In the conference call, Ron Hovsepian, Novell's chief executive officer, cautioned analysts about jumping to conclusions based on these numbers. "It is too early to conclude that this is a trend," Hovsepian said. And when pressed during a question and answer session to provide a little more color about what is going on, he said that Novell had to get through the OES 2 launch and see. "I want to be very careful on this because we have all been burned by this in the past," he said.
During fiscal Q3, Novell Systems and Resource Management unit, which is mostly comprised of its ZENworks product line, had sales of $34.85 million, up 3.7 percent, while the company's Identity and Security Management unit posted sales of $29.8 million, down 1.2 percent. Hovsepian said that he was not happy with what was happening in this unit, and blamed it on sales execution in the Americas region. He said that the company was taking steps to correct the problem.
Novell hit a non-GAAP operating margin of 5 percent in the quarter, and had promised Wall Street during restructurings that occurred last year that it could have an operating margin in the range of 5 percent to 7 percent as it exited the fourth quarter of fiscal 2007. Both executives said that Novell was pretty confident it could hit those numbers.
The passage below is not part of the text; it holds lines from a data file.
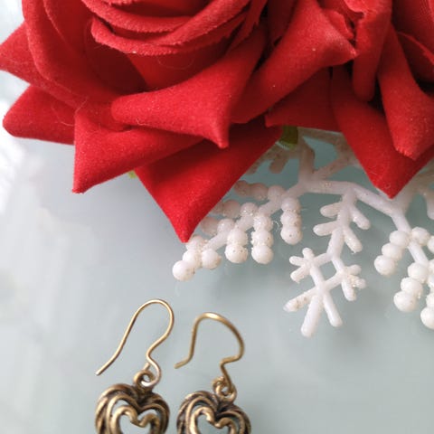 Pronssinen Kalevala Korun Talon sydän korusetti, mihin kuuluu kaulakoru, roikkuvat korvakorut sekä rintakoru.
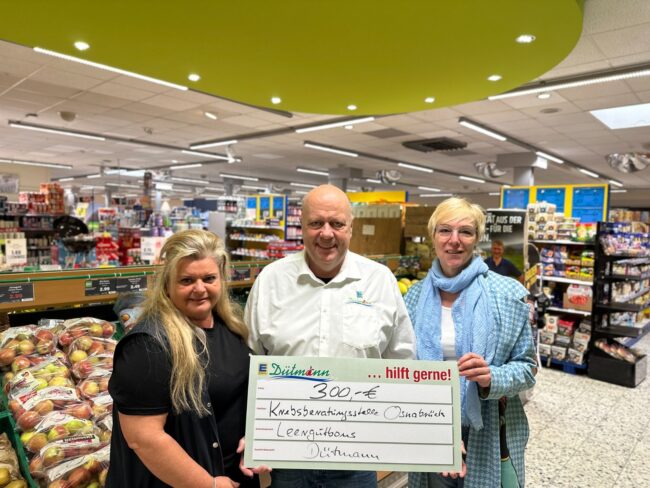 Bad Iburg. Mit einer Spende über 300 Euro unterstützt Edeka Dütmann die Osnabrücker Benediktinerinnen und ihre selbstlose Arbeit in der Region. Ralf Zumstrull und Herr Stükas, Mitarbeiter des Dütmann Markts in Bad Iburg, überreichten einen symbolischen Scheck im Namen von Guido Gartmann, dem Inhaber von Edeka Dütmann, an Schwester Hanna (links) und Schwester Angelica (rechts).…
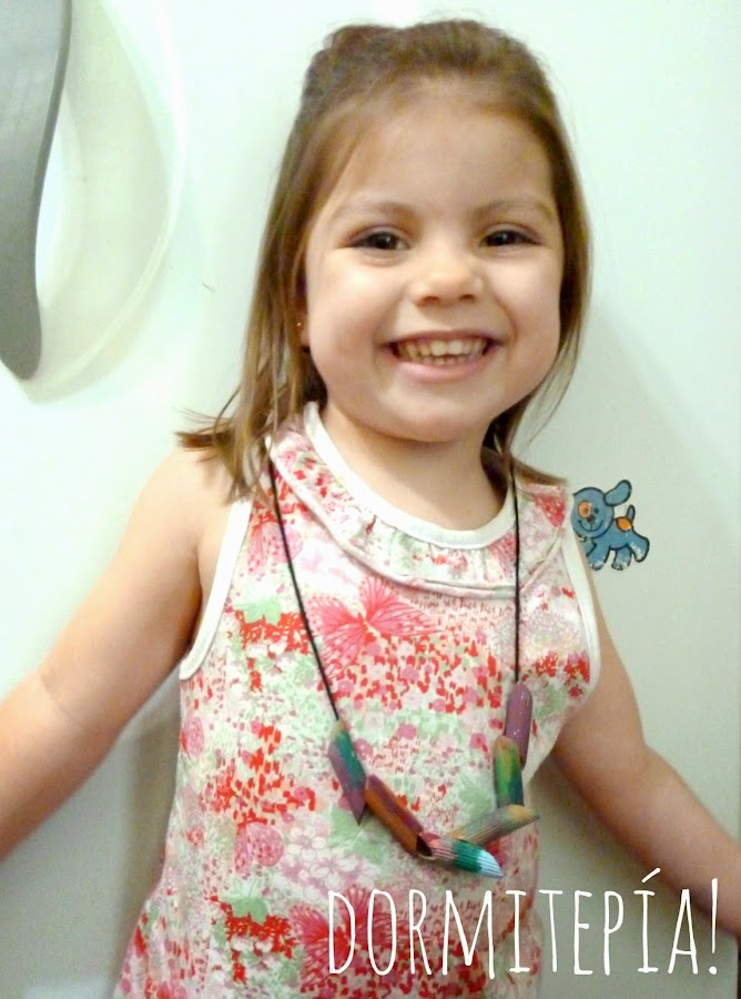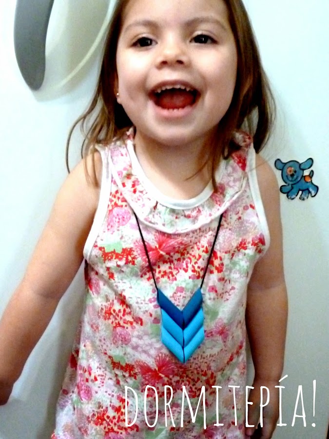 Para no hacer el típico collarcito aburrido de fideos (igual solita solita fue lo que le salió, tiene 3 años nada más!)
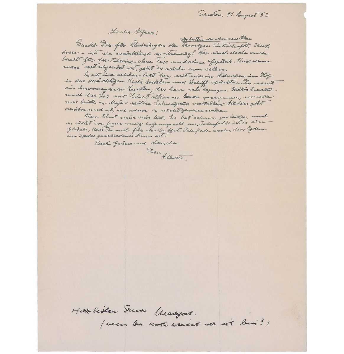 ALS in German, signed “Albert,” one page, 8.5 x 11, August 11, 1952. Letter to his cousin Alfred. In full (translated): "Thank you for relaying the sad news, we had already heard it from Alice. Even though, is it really so sad? We too are ready for departure without passports and without any luggage. And once departed, everything will fall into place all by itself. Much time has gone by since we were squatting in that marvelous crate at the Munich courtyard and played ship. You were a splendid captain, I can vouch to that. Later on, fate led me to cross my path again in Arau with Robert and we both fell in love with Maja’s future sister-in-law. All of that is over and done with, seems as if it never had happened. I am feeling very sorry for Alice. She is suffering greatly and from afar her condition does not look very promising. At any rate it is fortunate that you are still there for her. I suppose too that Ogden is the personification of the ideal divorced gentleman.” Also bears a two-line postscript written by “Margaret” at the bottom of the page: “Cordial greetings! (Do you still remember who I am?).” In fine condition, with intersecting folds and a trivial chip to one edge.
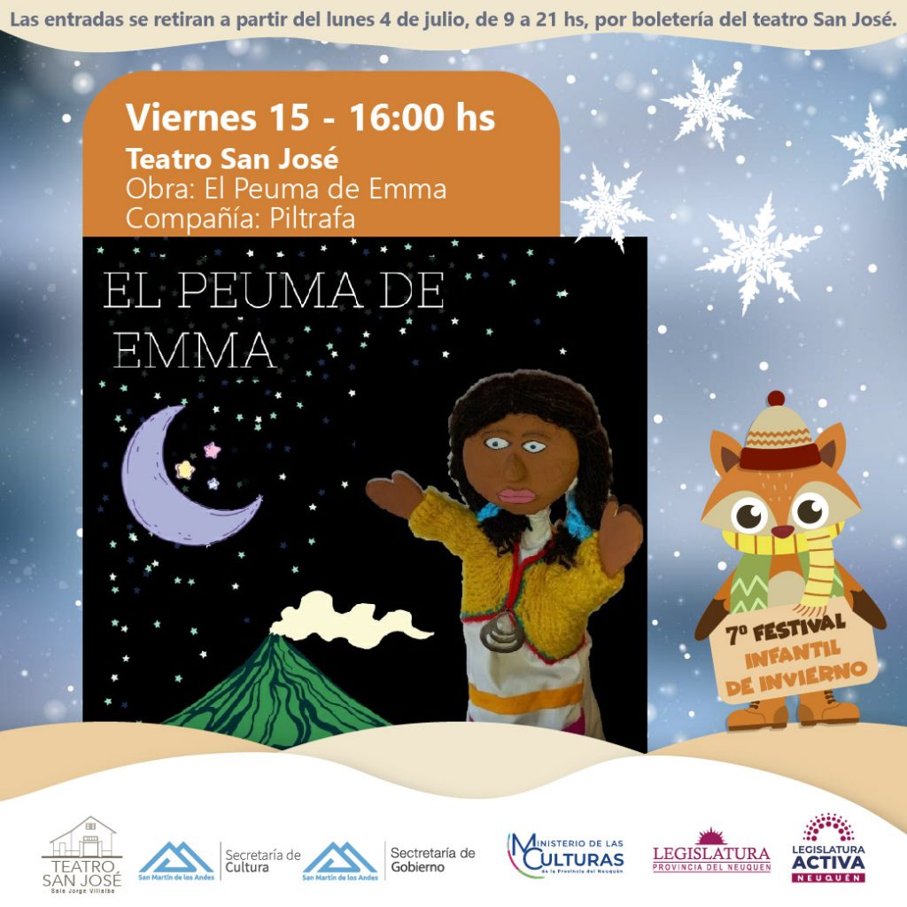 “Teatro de títeres con la compañía Piltrafa nos traen la historia de una niña que sueña con la búsqueda de sus raíces, pero para encontrarla deberá adentrarse en los misteriosos bosques del sur, en las profundidades de la tierra y viajar mas allá de las nubes. Deberá ella ser muy valiente, para las aventuras que le aguardan y que compartiremos con ustedes”
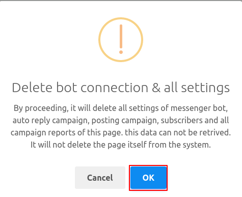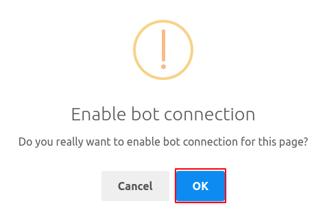 To re-start the bot connection, click on the radio button. Instantly, a modal will appear with Cancel and OK buttons. Click on the OK button and the bot will be restarted.

For the full 2007 fiscal year, Novell is sticking to its prior guidance of sales between $925 million and $955 million.
As he did during last quarter's call, Hovsepian did not give any indication about what Novell would do with its $1.8 billion cash and investment hoard. But clearly buying XenSource for $500 million might have been a smart thing to do. Too bad Citrix Systems got to it first.
Hovsepian did get asked about how the XenSource acquisition by Citrix would affect Novell, since it embeds the open source Xen hypervisor inside of SLES 10, its server operating system, and SLED 10, its desktop variant. "From our point of view, Xen is an open source project, and thus we do not anticipate any inhibitors to where we are heading with Xen," he explained. "In terms of broader implications--where Citrix is going with the product [meaning XenEnterprise and how it will use it in its own products, presumably]--I am not familiar with that."
He also said that Novell would fully support the GNU General Public License v3 and that since the new license grandfathered in the Novell-Microsoft agreement, he did not foresee any issues with future SUSE Linux releases or Microsoft's distribution of them. As for the bickering that is going on between Microsoft and the Free Software Foundation about how the GPL v3 license does or does not bind Microsoft, Hovsepian was wise enough to stay out of it.